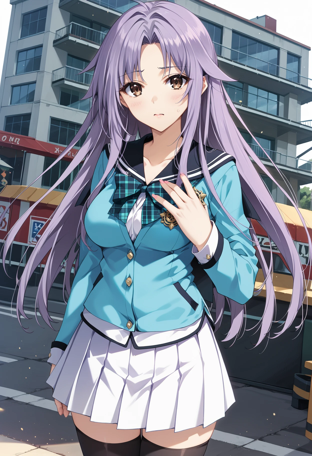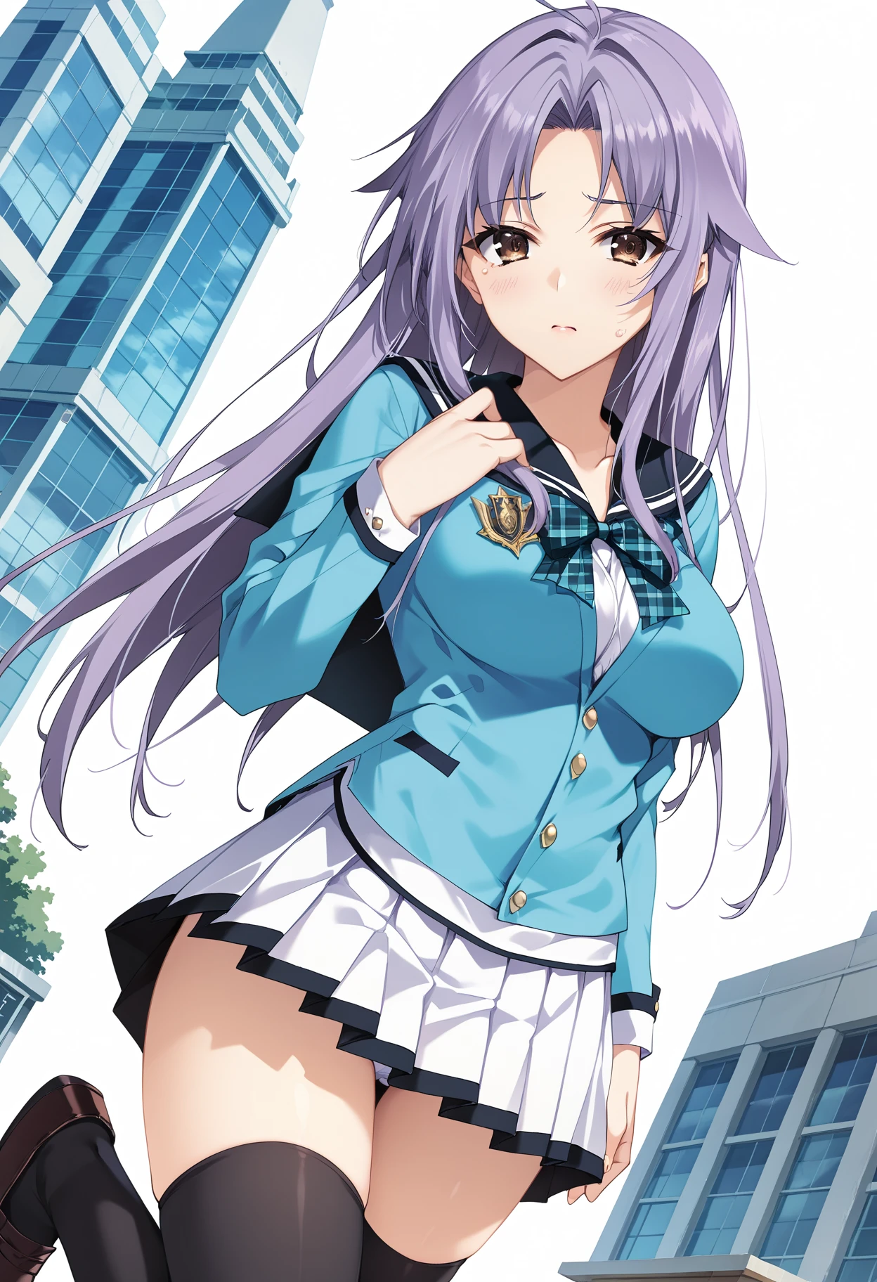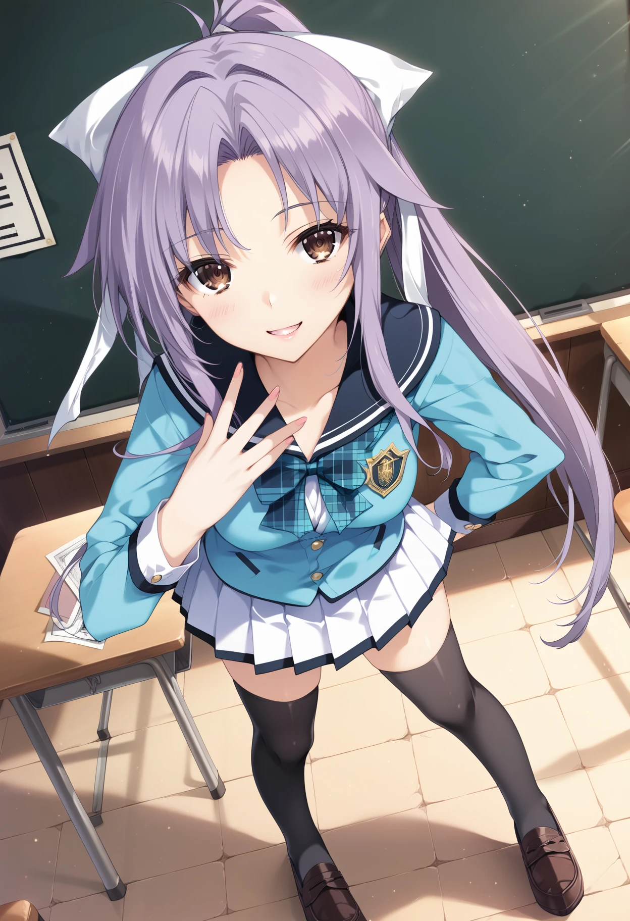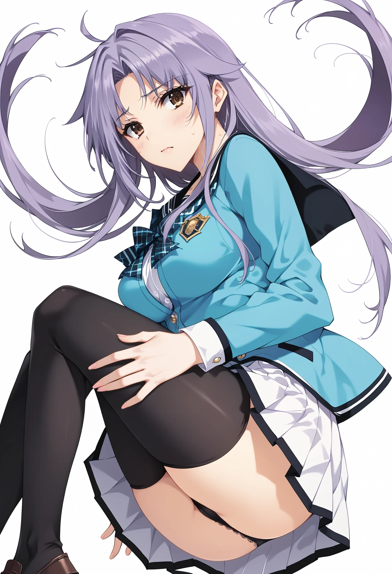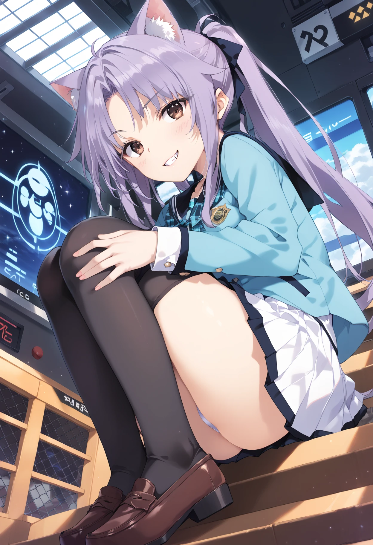 補助プロンプト・purple hair,brown eyes,black_thighhighs,loafers,
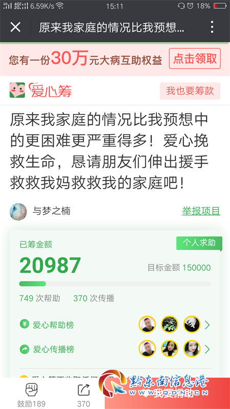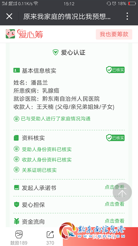 5月22日,一條“眾籌救母”的愛心籌信息出現在了凱里很多人的朋友圈,經記者調查核實得知,該信息為青島科技大學自動化學院的一名大四本科生王天楠發起的愛心籌,內容屬實,目的是為了幫助身患惡性腫瘤乳腺癌的媽媽籌集救命錢。
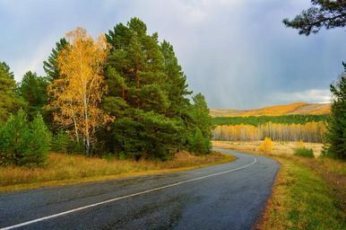 Keywords: autumn asphalt road landscape forest birch tree yellow cloudy bright wet
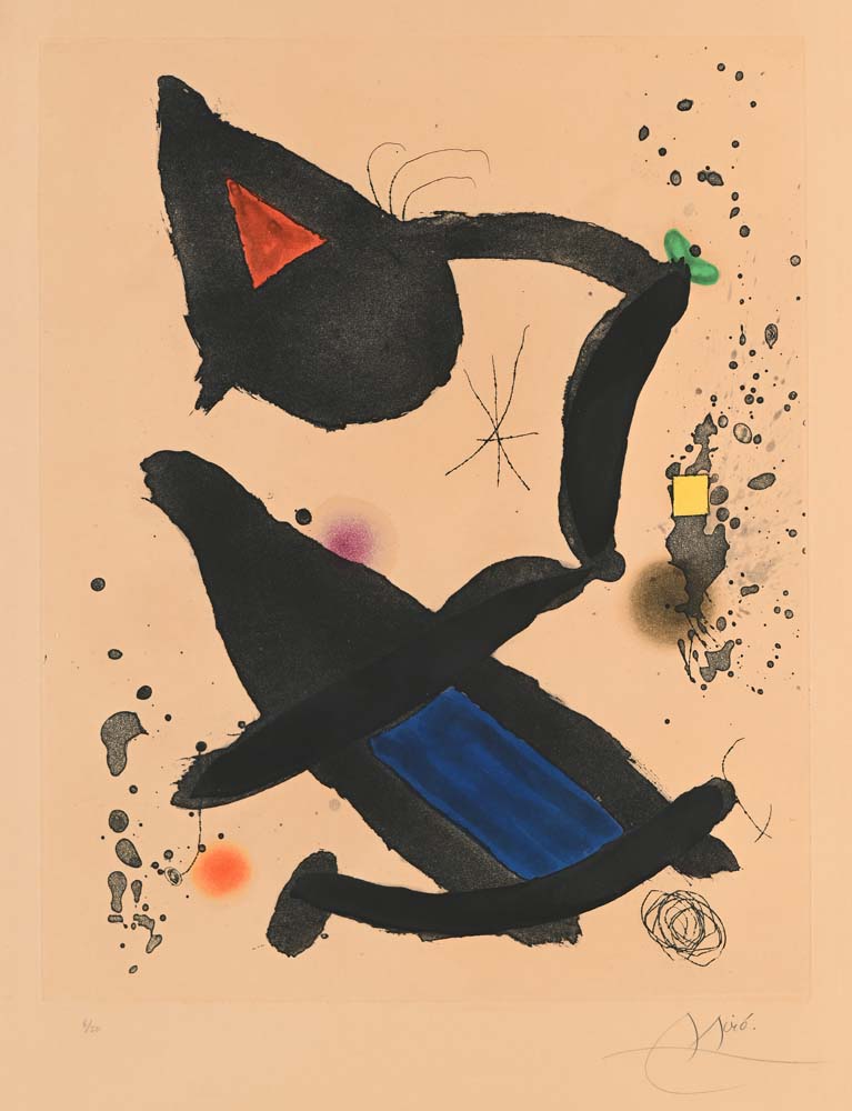 Joan Mirò Barcellona 1893-Palma di Maiorca 1983 Le Roi David 1973-74 Acquaforte/acquatinta cm 91x62 - in cornice cm 94x66 Firma e numerazione "Mirò 6/50" Certificato di autenticità su fotografia rilasciato dalla Selfart srl, Roma
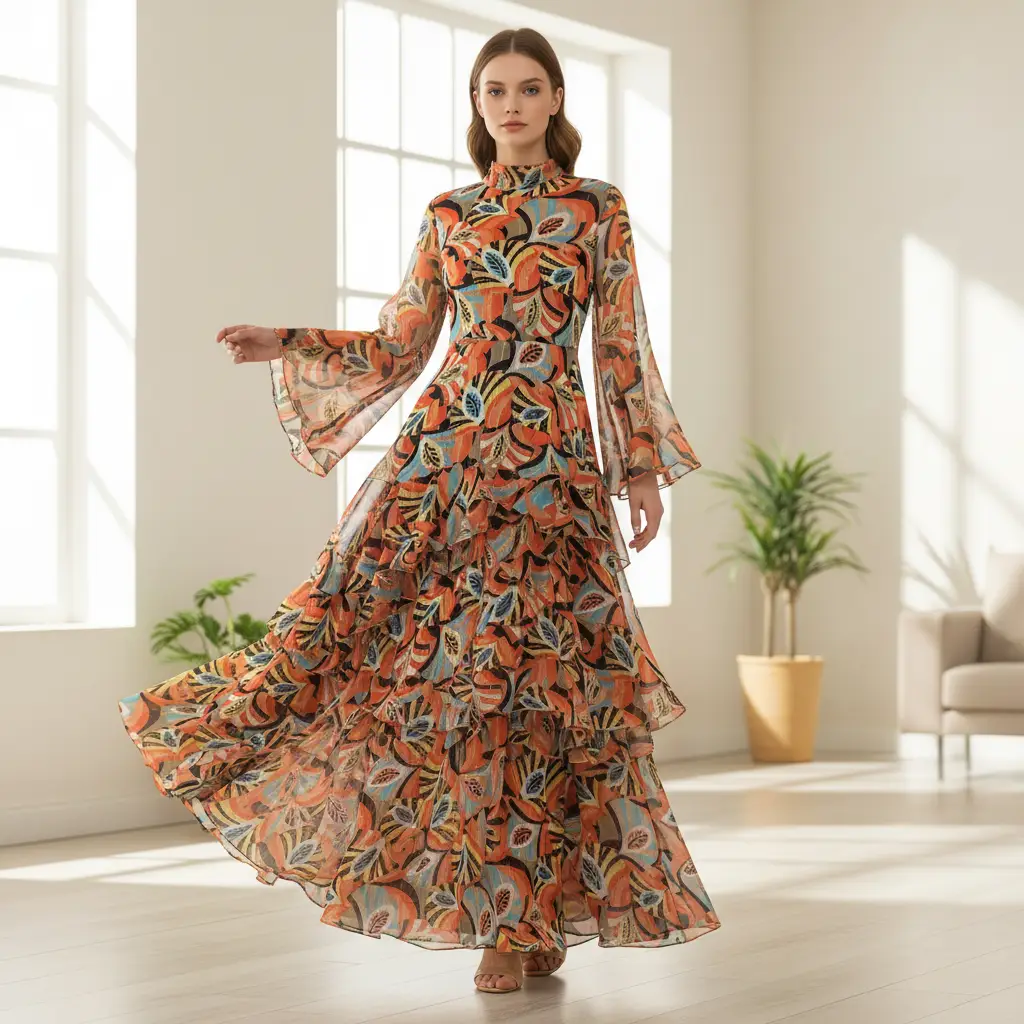 Tessuto Chiffon a fantasia con filo lurex dalla mano morbida trasparente e setosa, ideale per realizzare capi morbidi e trasparenti da cerimonia o da usare tutti i giorni come: camicie, abiti, gonne, stole e spolverini.

**Your objective**
Exact copy, no pictures: please print the data above once more.

**Exercise response**
 補助プロンプト・purple hair,brown eyes,black_thighhighs,loafers,
 5月22日,一條“眾籌救母”的愛心籌信息出現在了凱里很多人的朋友圈,經記者調查核實得知,該信息為青島科技大學自動化學院的一名大四本科生王天楠發起的愛心籌,內容屬實,目的是為了幫助身患惡性腫瘤乳腺癌的媽媽籌集救命錢。
 Keywords: autumn asphalt road landscape forest birch tree yellow cloudy bright wet
 Joan Mirò Barcellona 1893-Palma di Maiorca 1983 Le Roi David 1973-74 Acquaforte/acquatinta cm 91x62 - in cornice cm 94x66 Firma e numerazione "Mirò 6/50" Certificato di autenticità su fotografia rilasciato dalla Selfart srl, Roma
 Tessuto Chiffon a fantasia con filo lurex dalla mano morbida trasparente e setosa, ideale per realizzare capi morbidi e trasparenti da cerimonia o da usare tutti i giorni come: camicie, abiti, gonne, stole e spolverini.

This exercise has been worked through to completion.